From: Lance Yang @ 2025-10-06 14:43 UTC (permalink / raw)
  To: akpm, david, lorenzo.stoakes
  Cc: ziy, baolin.wang, Liam.Howlett, npache, ryan.roberts, dev.jain,
	baohua, ioworker0, richard.weiyang, linux-kernel, linux-mm,
	Lance Yang

From: Lance Yang <lance.yang@linux.dev>

As pointed out by Dev, the PTE checks for disjoint conditions in the
scanning loops can be optimized. is_swap_pte, (pte_none && is_zero_pfn),
and pte_uffd_wp are mutually exclusive.

This patch refactors the loops in both __collapse_huge_page_isolate() and
hpage_collapse_scan_pmd() to use a continuous if-else-if-else-if chain
instead of separate if blocks. While at it, the redundant pte_present()
check before is_zero_pfn() is also removed.

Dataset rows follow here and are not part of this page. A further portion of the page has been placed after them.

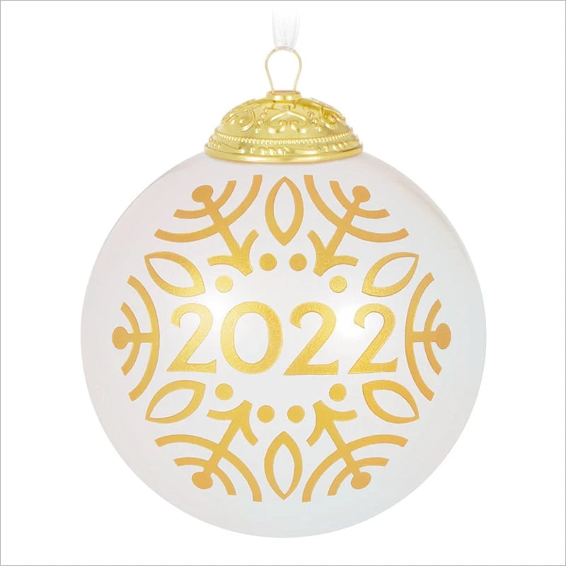 Celebrate the festive moments and bright memories that 2022 has brought to you and your family with this commemorative Christmas tree ornament. The pearlized ivory translucent glass ball features an etched gold snowflake design around the date and an embossed metal cap. Year dated 2022.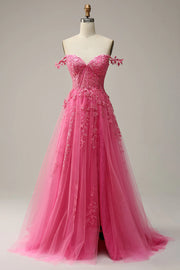A-Linie, schulterfrei, langes, pinkfarbenes Ballkleid mit Applikationen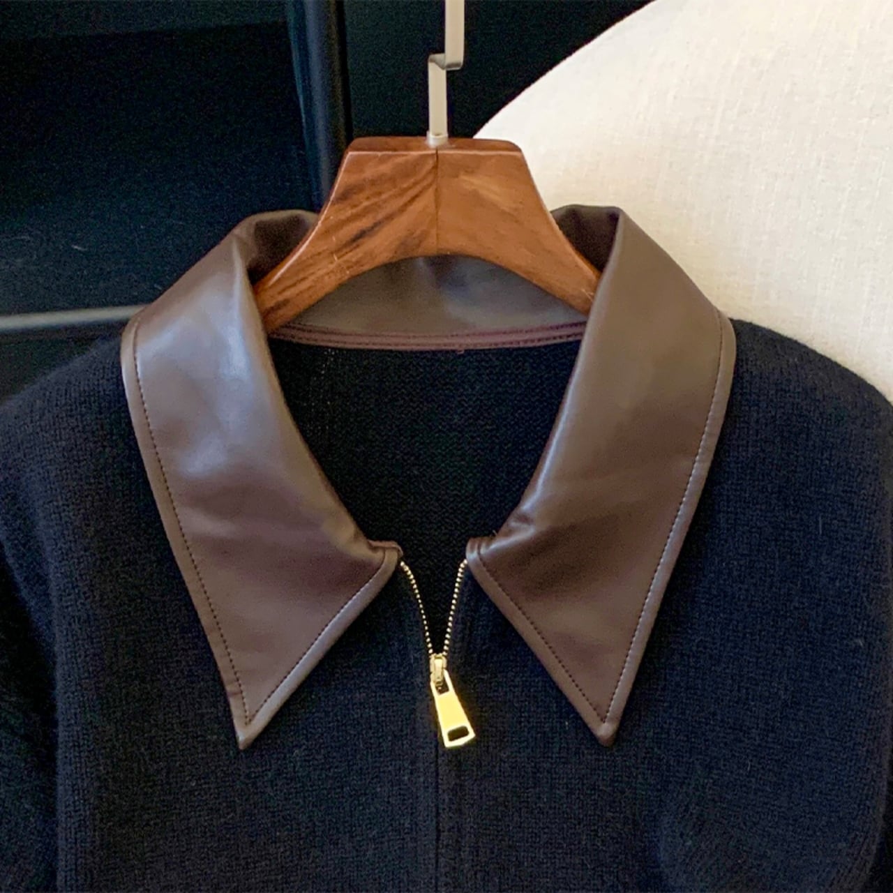 異素材の襟が目を引く、ジップアップのニットカーディガン。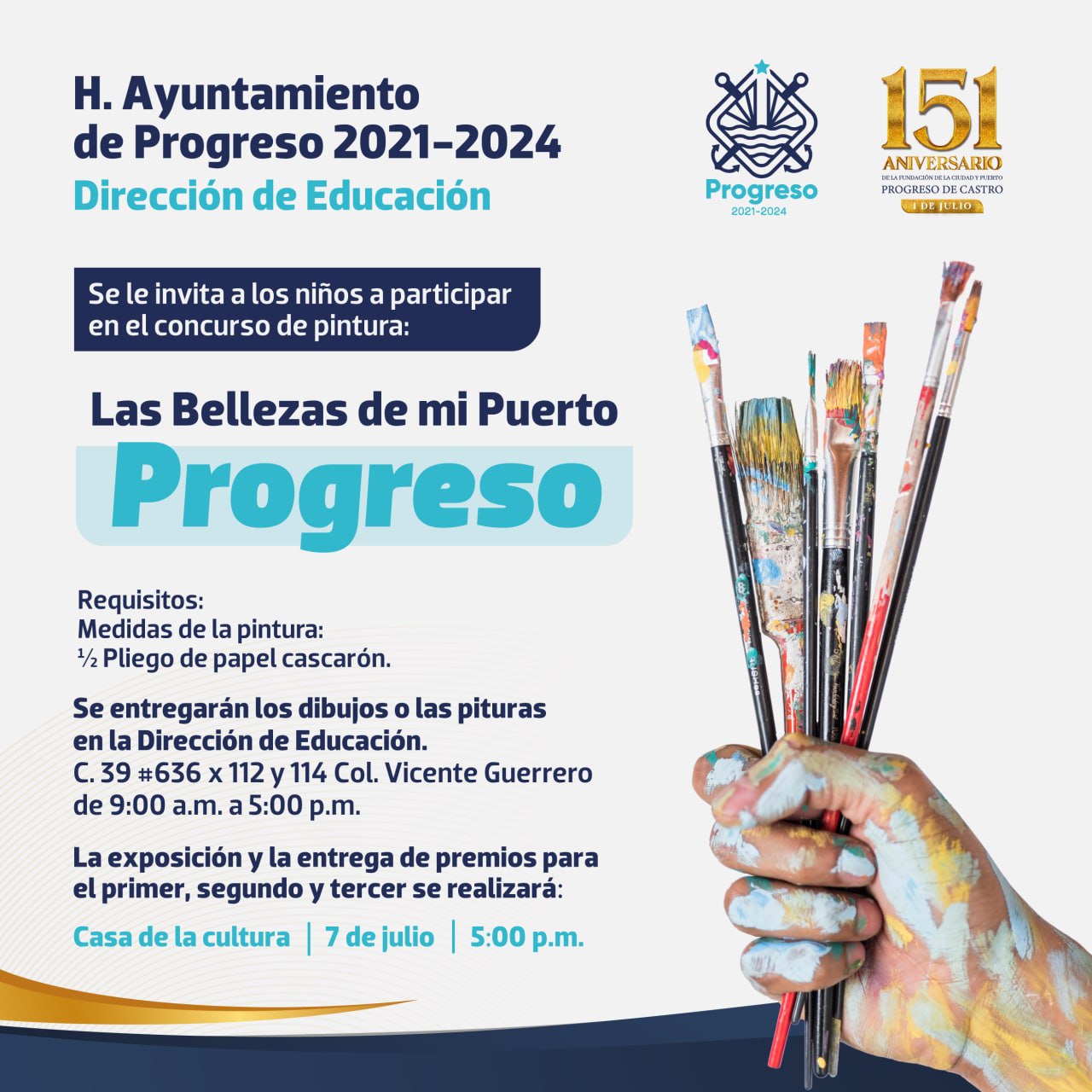 En el marco del 151 Aniversario de la fundación de Progreso de Castro, el H. Ayuntamiento que preside el alcalde Julián Zacarias Curi, invita a todos los niños del municipio y sus comisarías, a participar en el concurso de pintura “Las Bellezas de mi Puerto”.
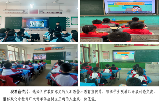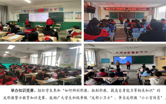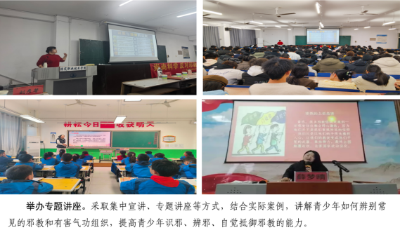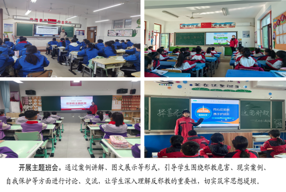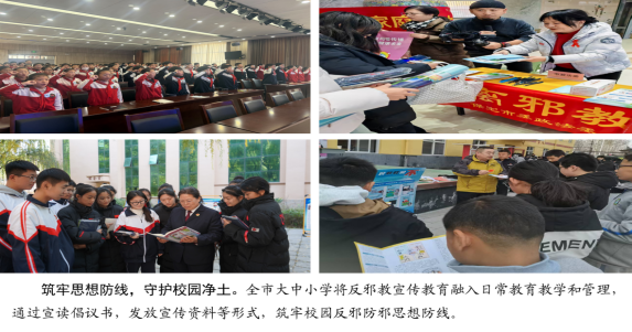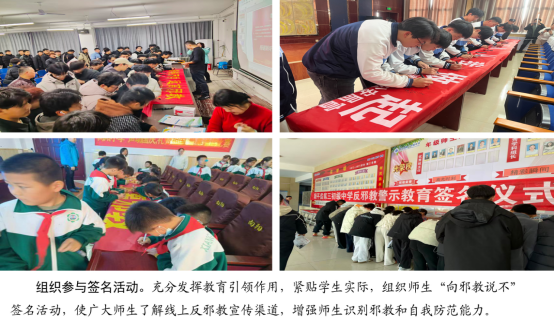三、树牢思想筑防线,同心协力护校园。全市大中小学将反邪教知识有机融入思想政治、法治教育等课程,结合校园安全、反欺凌等工作,针对不同学段学生的认知特点,采取差异化教育策略,构建学校、家庭、社会“三位一体”的协同防护网络,推动反邪教宣传向家庭延伸,鼓励学生将宣传资料带回家,与家长共同学习,形成了“小手拉大手”的辐射效应,筑牢校园反邪教思想防线,同心协力守护校园和谐稳定。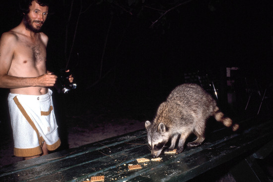 ![]() Racoons wake us up when they attack our neighbour's laid out out breakfast in the campsite |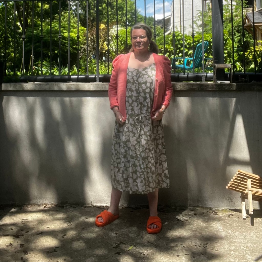 I’m trying out the NHS Shake & Soup protocol (look it up) and since I’m boycotting Loblaws this month I went to Walmart to get l meal replacement powder. I couldn’t help but check out the sale rack in the women’s section. I couldn’t help but buy a few spring things. For example, I just sold my red puffy sleeved H&M jacket at a recent yard sale because it was a medium and never fit me. And red is not my colour. Now I have an orange cardi that fits and fits the bill.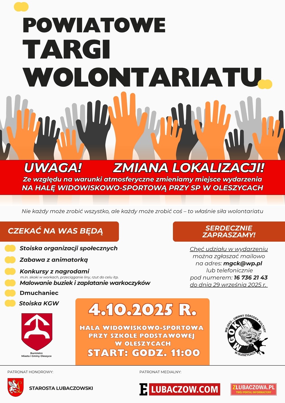 Ze względu na niesprzyjające warunki pogodowe organizatorzy Powiatowych Targów Wolontariatu poinformowali o zmianie lokalizacji wydarzenia. Spotkanie odbędzie się w sobotę, 4 października, w hali widowiskowo-sportowej przy Szkole Podstawowej w Oleszycach. Początek zaplanowano na godzinę 11:00.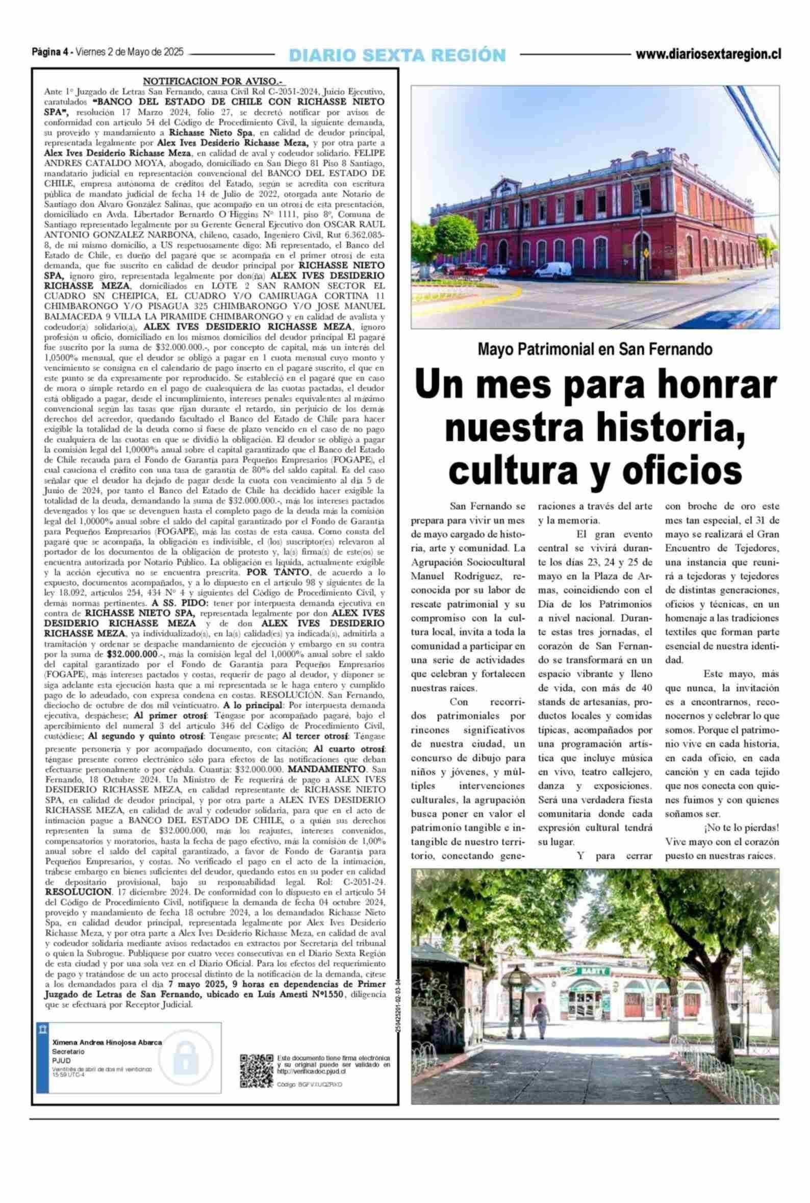 Fuente: Diario VI Región (Diario VI Región) Página(s): 4

Also, this is a preparatory step to make it easier to merge the
almost-duplicated scanning logic in these two functions, as suggested
by David.

Reviewed-by: Wei Yang <richard.weiyang@gmail.com>
Reviewed-by: Dev Jain <dev.jain@arm.com>
Reviewed-by: Zi Yan <ziy@nvidia.com>
Suggested-by: Dev Jain <dev.jain@arm.com>
Suggested-by: David Hildenbrand <david@redhat.com>
Signed-off-by: Lance Yang <lance.yang@linux.dev>
---
 mm/khugepaged.c | 12 ++++--------
 1 file changed, 4 insertions(+), 8 deletions(-)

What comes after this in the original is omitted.